I agree that the beauty of the idea of gradation in revelation is convincing. It is one of these jokes of man-made theology that we assume we can prescribe to God what are the limits of his revelations and manifestations.
nabadip - Tue, 23 Dec 2003 01:03:23 +0530
QUOTE(adiyen @ Dec 22 2003, 08:08 AM)
Others and I like to think of the horse sacrifice
(asva-medha) as a later transformation of a periodic ritual sacrifice of
the king. The king's horse takes the place of the king, even to the
degree that the king's major queen copulates with it as it is being
throttled. All these are some of the facts of ancient Indic religion.

Here is some counter-view to the above one :

A Text by Subhash Kak, a scholar on the Veda, who deciphered a Vedic code. The original article is about the fact that the Veda knew images.

Quote begins:

One such text is the “Ashtadhyayi” of Panini, the great grammarian of the 5th or 4th century BC. Its terse sutras are written in a technical language in which changes would alter meaning, and its commentaries are attested back to the 4th century. In this text there is clear mention of images. The ordinary images were called pratikriti and the images for worship were called archa (see As. 5.3.96-100). Patanjali, the 2nd century BC author of the “Mahabhashya” commentary on the “Ashtadhyayi”, tells us more about the pratikriti and archa.

Amongst other things we are told that a toy horse is called ashvaka. (This means that the queen who lay down with the ashvaka in the Ashvamedha did not sleep with the dead horse.) Deity images for sale were called Shivaka etc., but an archa of Shiva (Rudra of the earlier times) was just called Shiva. Patanjali mentions Shiva and Skanda deities. There is also mention of the worship of Vasudeva (Krishna). We are also told that some images could be moved and some were immoveable. Panini also says that an archa was not to be sold and that there were people (priests) who obtained their livelihood by taking care of it.

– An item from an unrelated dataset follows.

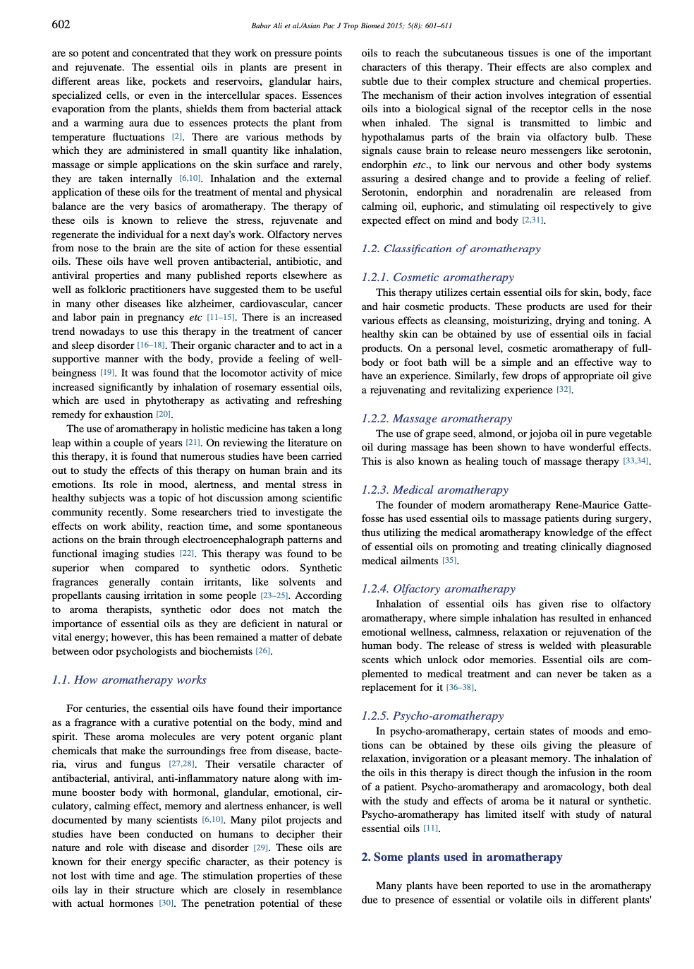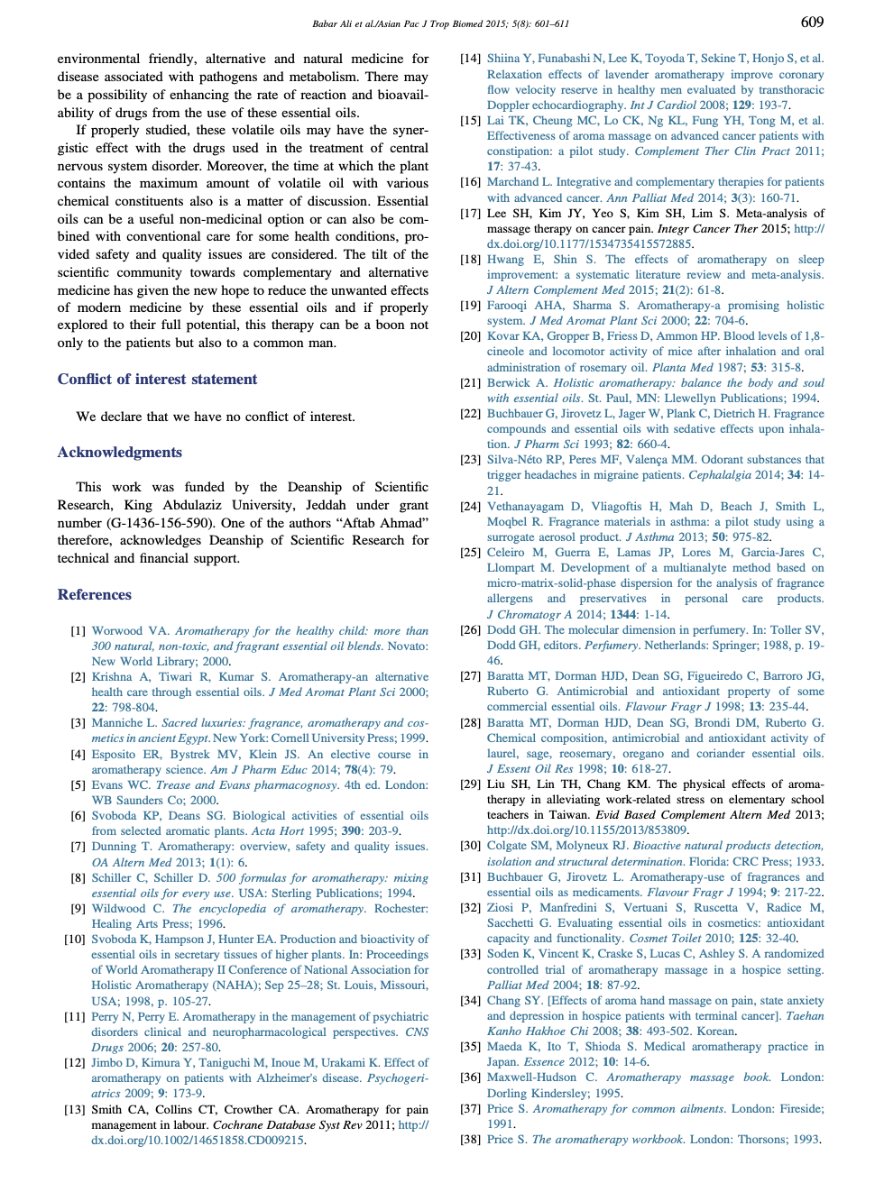 Nowadays, use of alternative and complementary therapies with mainstream medicine has gained the momentum. Aromatherapy is one of the complementary therapies which use essential oils as the major therapeutic agents to treat several diseases. The essential or volatile oils are extracted from the flowers, barks, stem, leaves, roots, fruits and other parts of the plant by various methods. It came into existence after the scientists deciphered the antiseptic and skin permeability properties of essential oils. Inhalation, local application and baths are the major methods used in aromatherapy that utilise these oils to penetrate the human skin surface with marked aura. Once the oils are in the system, they remodulate themselves and work in a friendly manner at the site of malfunction or at the affected area. This type of therapy utilises various permutation and combinations to get relief from numerous ailments like depression, indigestion, headache, insomnia, muscular pain, respiratory problems, skin ailments, swollen joints, urine associated complications etc. The essential oils are found to be more beneficial when other aspects of life and diet are given due consideration. This review explores the information available in the literature regarding therapeutic, medical, cosmetic, psychological, olfactory, massage aromatherapy, safety issues and different plants used in aromatherapy. All the available information was compiled from electronic databases such as Academic Journals, Ethnobotany, Google Scholar, PubMed, Science Direct, Web of Science, and library search.

So much to the queens and their symbolical activity.

Kak wrote a whole book on the Ashvamedha. He also wrote interesting articles on dates of Veda and Purana.
Kalkidas - Tue, 23 Dec 2003 03:59:44 +0530
QUOTE(nabadip @ Dec 22 2003, 07:33 PM)
A Text  by Subhash Kak, a scholar on the Veda, who deciphered a Vedic code. The original article is about the fact that the Veda knew images.

Ah! This one Subhash Kak?

Very interesting scholar... I was impressed by his PrajJa
adiyen - Tue, 23 Dec 2003 13:52:02 +0530
QUOTE(nabadip @ Dec 22 2003, 07:33 PM)
Here is  some counter-view to the above one :

As we all know, the Brahmana's profession involves among other things twisting the scriptures to mean just about anything, as Prabhupad even used to say.

So it is not surprising that there may be counter views and counter-counter views add infinitum.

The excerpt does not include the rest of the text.